О, этот мессианский обвинитель всех и вся, товарищ Максим Горький когда-то, еще в 1907 году высказал упрек таким, как сам, новаторам от русской литературы: «Все это – старые рабы, люди, которые не могут не смешивать свободу с педерастией, например, для них «освобождение человека» странным образом смешивается с перемещением из одной помойной ямы в другую, а порою даже низводится к свободе члена и – только» (см. письма Горького к Леониду Андрееву). А вскоре и сам стал в авангарде пролетарских писателей, выросших их плеяды этих самых «рабов свободного члена» и уже больше не возмущался, когда товарищ Владимир Ильич заходил к нему в номер очередной гостиницы перед сном, чтоб приподнять одеяло и собственноручно проверить, теплые ли простынки у пролетарского буревестника. Подобные факты имели место, и писатель не стесняется это описывать в своих воспоминаниях. Что уж тут ему остается, когда товарищи победили: разве что по укоренившейся привычке поносить то дурака-Николашку с царизмом, то всю старую власть, то церковь, то женщину…
«Отрицательное и враждебное отношение к женщине деятельно и непрерывно внушалось церковью мужчине на протяжении двух десятков веков; оно весьма глубоко проникло в сознание мужчины и приобрело у него силу почти инстинкта», – продолжал стращать он (там же, т. 25). Только за своей бесконечной пропагандистской ложью пролетарский писатель прикрыл свое личностное неприятие женщины. Нападая на христианскую церковь, отобрав у православных женщин их праздник – День жён-мироносиц, большевичка Клара Цеткин ввела обязательный праздник 8 Марта (считается, что в 1917 году он совпадал с иудейским праздником Пурим).
Все это стало возможным после 1917 года, когда исполнялось предсказанное большевичкой А. Коллонтай, что революция укрепится и восторжествует «лишь при условии коренного перевоспитания психики». Только после переворота и силового захвата власти в Российской империи впервые были созданы условия изменения всех социальных основ, на которых держатся моральные представления всего разумного Человечества.

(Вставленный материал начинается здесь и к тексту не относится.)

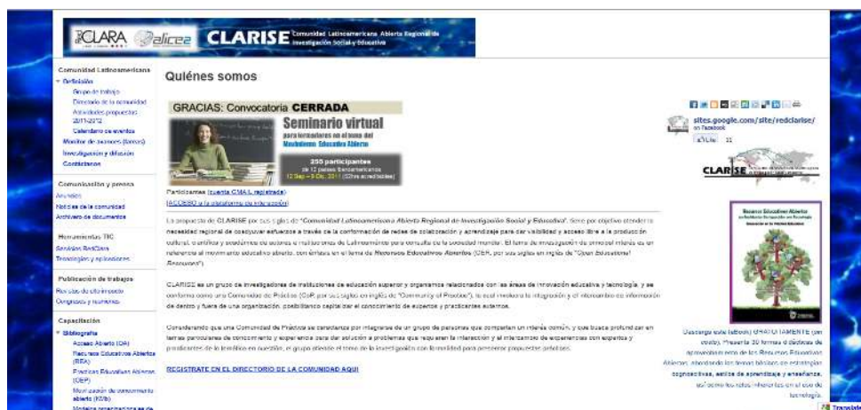
Figura 4. Portal de CLARISE ( https://sites.google.com/site/redclarise/ )

han venido integrando a la red varios participantes de otros países Latinoamericanos, del Caribe y de Europa (ver portal del sitio en Figura 4).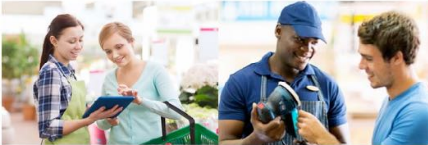
EQUIPIER POLYVALENT DU COMMERCE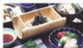
▲一番人気の「相田みつをオススメ御膳」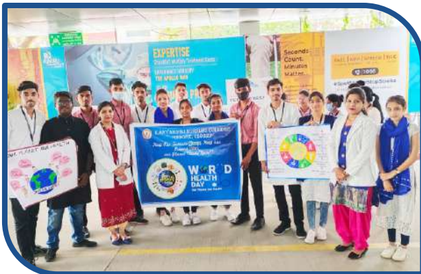
World Health Day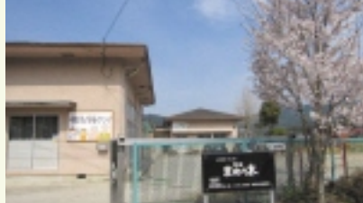
活動拠点「ふれあいセンターまめの木」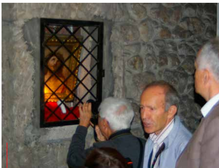
W prezbiterium kościoła znajduje się mozaika ECCE HOMO pochodząca z XVI w.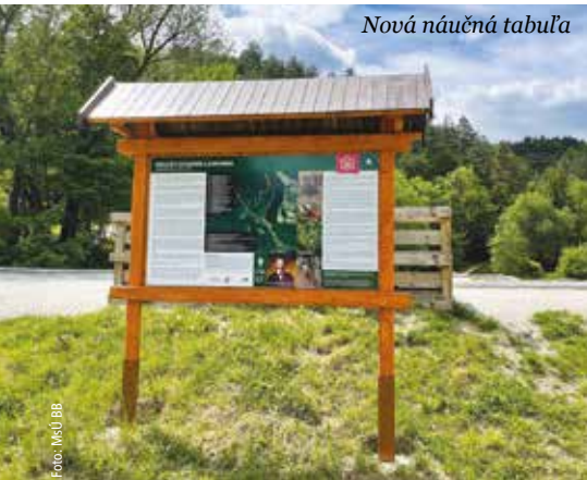
Nová náučná tabuľa

Oblasť Laskomera má viacero miest a javov, ktoré stoja za pozornosť. Nachádzajú sa tu obľúbené cyklistické singletraily - špeciálne cyklotrasy určené pre adrenalinové horské jazdy s prirodzenými aj dobudovanými prekážkami. Na svoje si však prídu aj peší turisti, ktorí si môžu vybrať hneď z niekoľkých trás. Nechýba nádherná príroda či atraktívne výhľady na mesto a okolité pohoria. Prechádzku v tejto lokalite teraz môžete spojiť aj s poznávaním.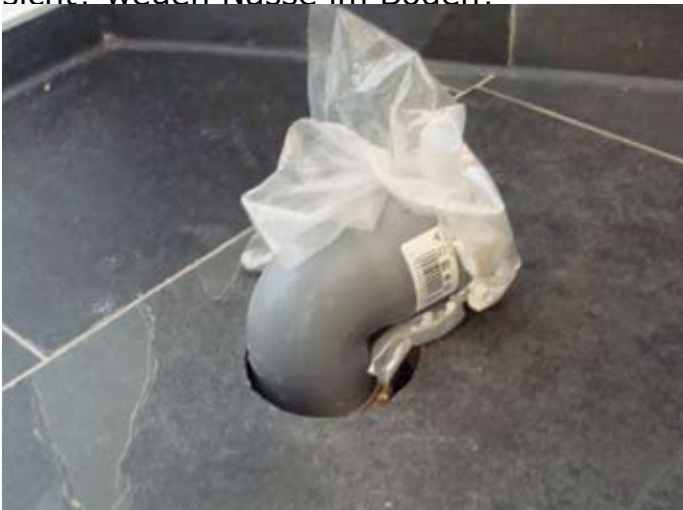
Fehlende Abdichtung zur Bodenisolierung beim Badewannenauslass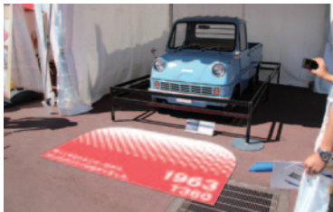
Honda初の4輪車「T360」生誕55周年 特別展示。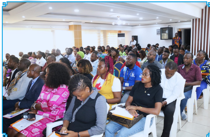
Participants at the training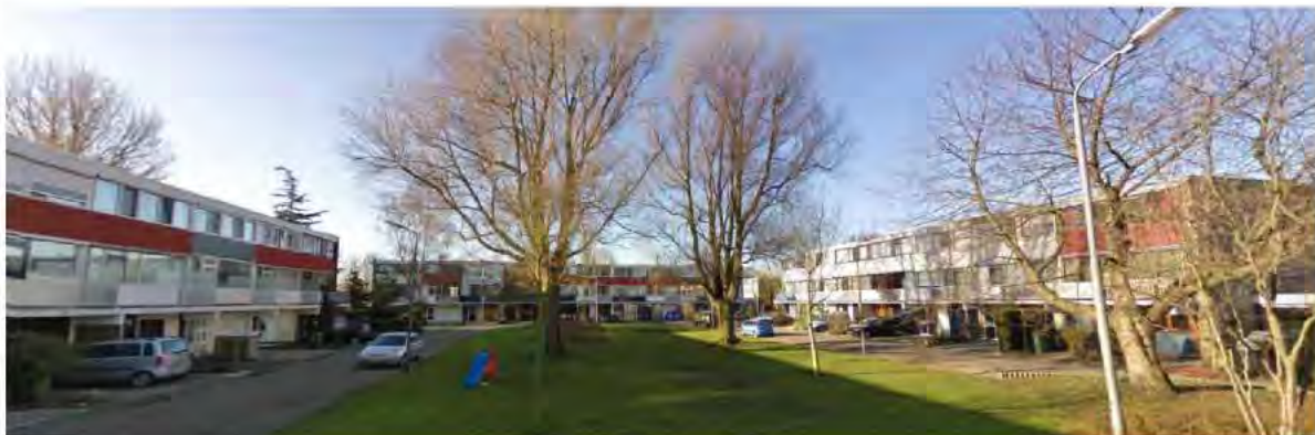
Straatbeeld Mozartplein, maart 2010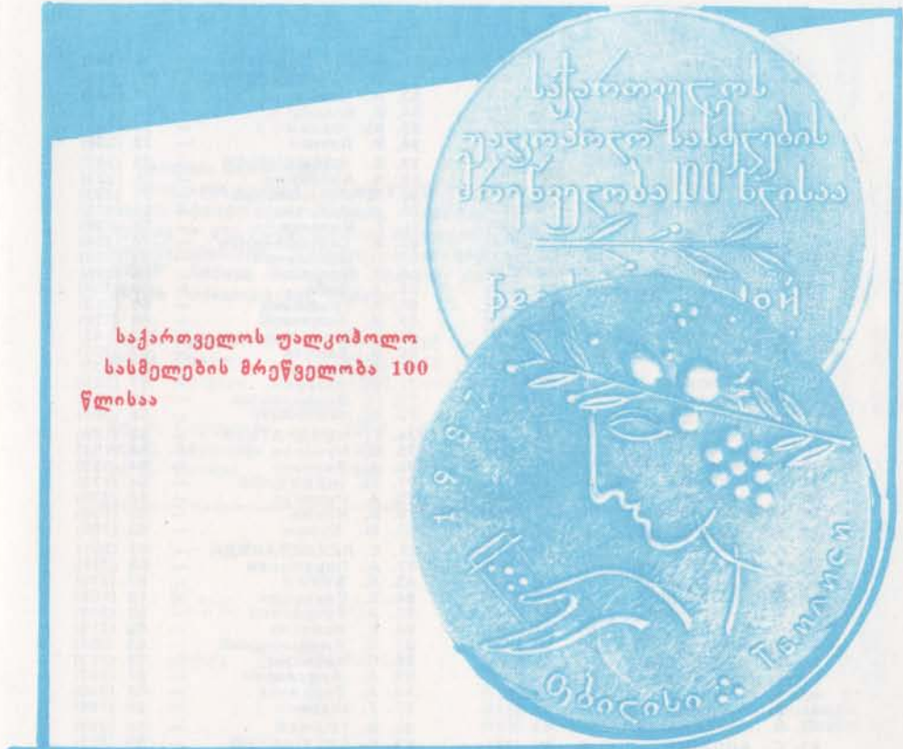
საქართველოს უაღლოპოლო სასმელების მრეწველობა 100 წლისა

— კუთხური იყო, — ჩაერთო დავაში ვატმანი, — ახლავე გიჩვენებთ, რანაირად:ც მოხდა, — ჩანთა აიღო და ჩავიდა. ჩვენც ჩავყვეით. უკან ოციოდე მანქანა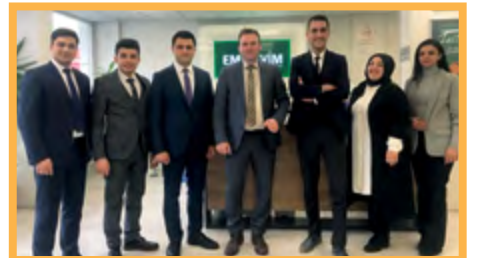
4. ANKARA / SINCAN ŞUBE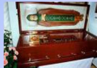
Мощи святых Петра и Февронии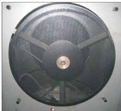
8. Montera separationsplåten med muttern i centrum.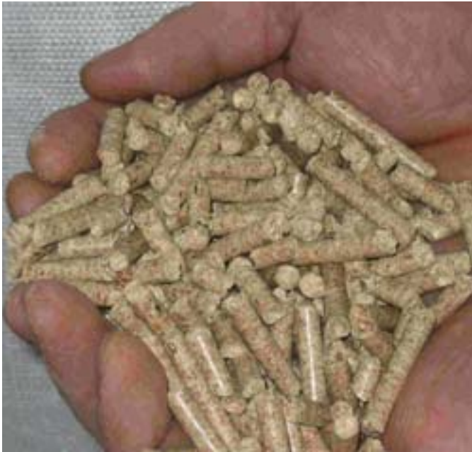
Zusammen mit den bekannten Holzpellets können in Zukunft auch bestimmte Getreidearten und Strohpellets verbrannt werden.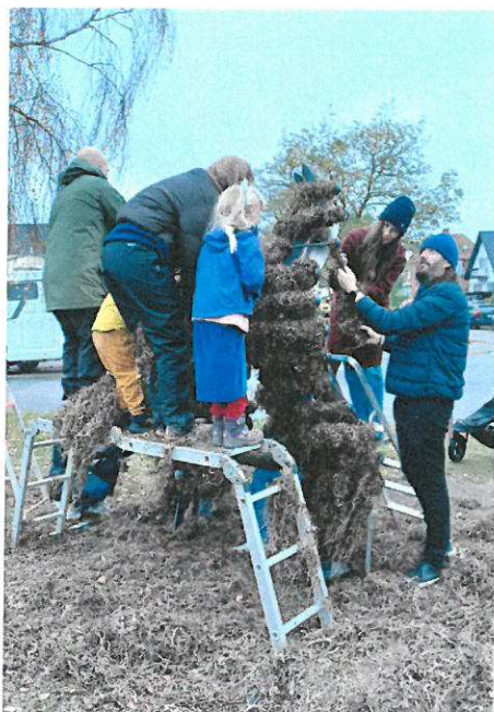
Procesbillede fra SEA skulptur ved Italiensvej og Amager Strand, hvor beboere brugte den traditionelle tænge-metode til at beklæde skulpturen med ålegræs.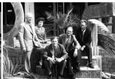
Участники советско-французской рабочей встречи (Корсика).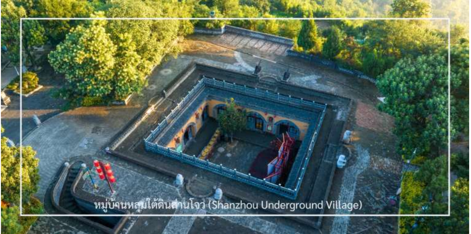
หมู่บ้านหลุมใต้ดินसानโจว (Shanzhou Underground Village)

ความอบอุ่นในฤดูหนาวและเย็นสบายในฤดูร้อน หมู่บ้านหลุมใต้ดินแห่งนี้สะท้อนวิถีชีวิตเรียบง่ายของชาวบ้านที่สืบทอดต่อกันมาหลายชั่วอายุคน ปัจจุบันได้รับการอนุรักษ์และพัฒนาเป็นแหล่งท่องเที่ยวเชิงวัฒนธรรมที่น่าสนใจ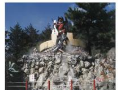
カマド地獄 Kamado Jigoku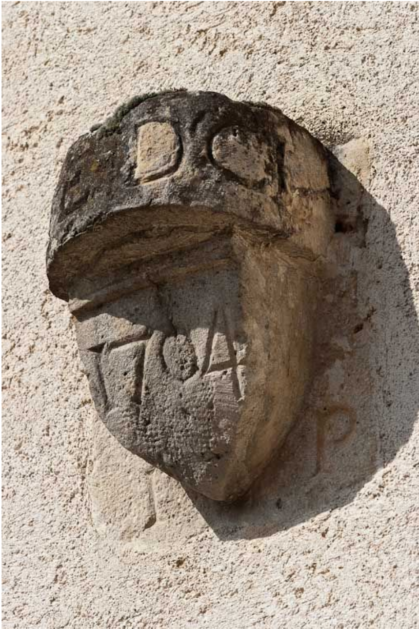
Console extérieure sur le mur de la sacristie. 21, Volnay Eglise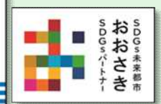
ロゴマーク の使用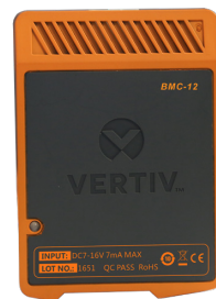
单体电池检测模块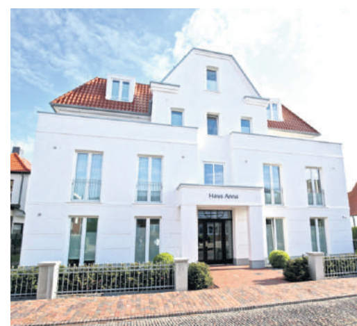
Wärmedämmverbundsystem mit aufgesetzten Stuckelementen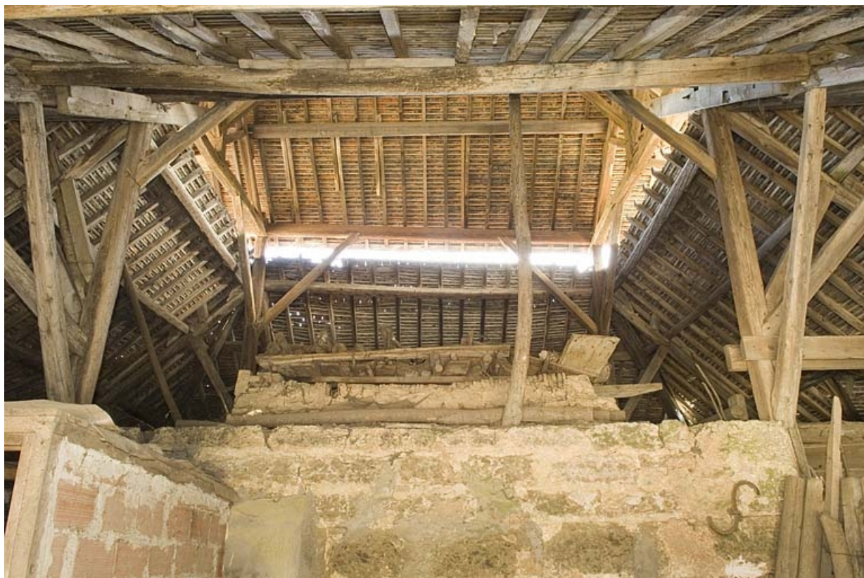
Vue intérieure du bâtiment du four. Massif maçonné.

70, Champtonnay, 7 route de Besançon, lieudit : la Vendue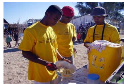
Ny mpiasan'ny ADES dia miasa ao Andavadoaka mampiseho ny fatana.

Ny tetikasa BVCO dia mbola manohy ny asa fanenana ny marika karbôna miaraka amin'ny mpandraharaha sy ny olon-tsotra. Ny mpanoro-hevitra miaraka amin'ny BVCO dia nikajy ny marika karbôna ataon'olon-tsotra na ny mpandraharaha ary namolavola fomba tsotra hanampy amin'ny fanenana an'izany. Ny BVCO dia manampy amin'ny fanenana ny marika eny amin'ny tontolo iainana noho ny asa fandrarahana na ny asan'olon-tsotra fa manampy ihany koa amin'ny fanenana ny sandany. Azonao atao ny mifandray amin'i Ellie ellie@blueventures.org raha hiara-hiasa amin'ny fanenana ny marika karbôna vokatry ny asanao ianao ary manomboha mamolavola drafitra hitantanana ny karbôna.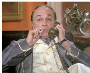
1979 L'ANNÉE SAINTE de Jean Girault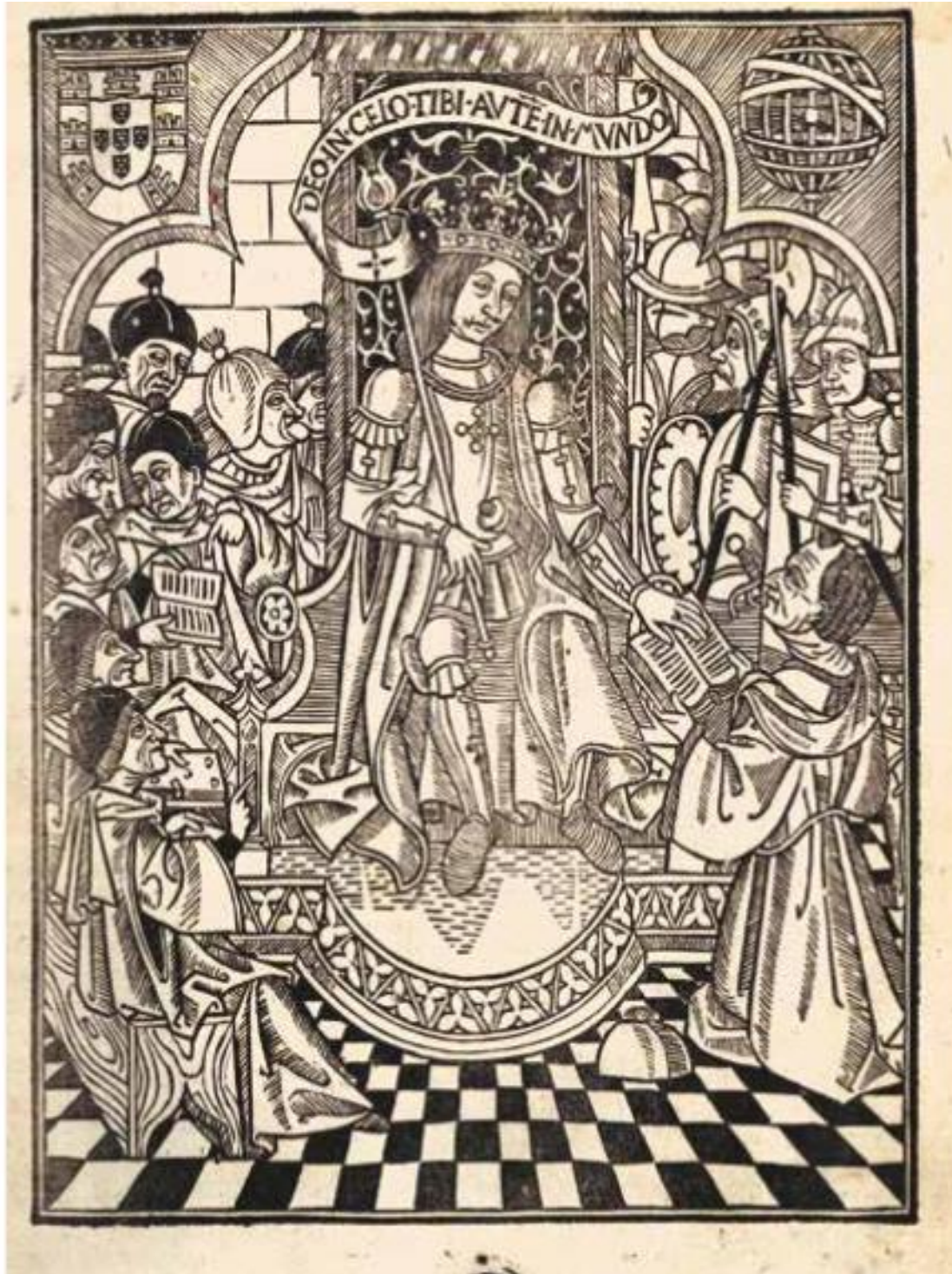
Figura 3. Gravura do I Livro das Ordenações Manuelinas

Imagem retirada do Catálogo da Exposição: Biblioteca das Cortes: 180 anos | Um olhar sobre as Ordenações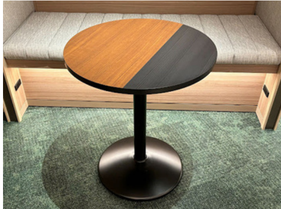
種別：丸テーブル(a) 個数：3（移動：可） 詳細：Φ600 x H710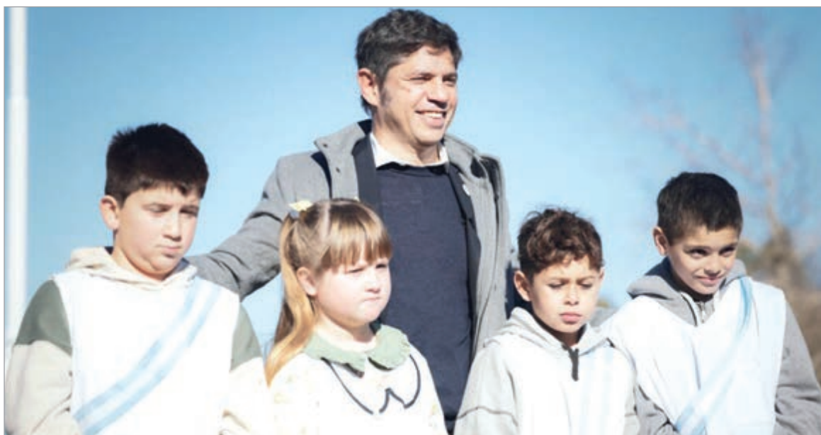
Kicillof encabezó la jura en San Jorge y marcó diferencias con la administración de Javier Milei

El mandatario bonaerense encabezó la jura a la bandera en una escuela rural donde defendió la soberanía y apuntó contra el ajuste del Gobierno nacional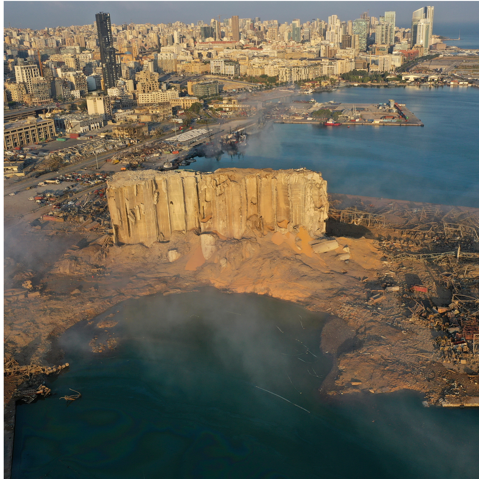
Dégâts dans le port de Beyrouth après l'explosion du 4.8.2020

Lorsque des produits chimiques incompatibles sont mélangés.

Комсомол и «Эрос революции»
Доверьтесь ему.Позвольте я белую шеюКрасной рукой обниму…Юлий Ким. Из «Присыпкина»
Золотая, налитая,Тонкая иголочка.Как я рада, как я рада,Что я комсомолочка.Советская частушка
По всей России вместо кружков (да и наряду с ними) «Долой стыд!», появлялись и множились кружки «Долой невинность!», «Долой брак!», «Долой семью!». На заре своего появления многие комсомольские ячейки видели свою основную задачу не в подготовке кадров для строительства светлого будущего (такой задачи партия еще не поставила перед молодыми), а в раскрепощении молодежи, развале старого мещанского быта и уничтожении православных оков нравственности времён «проклятого царизма».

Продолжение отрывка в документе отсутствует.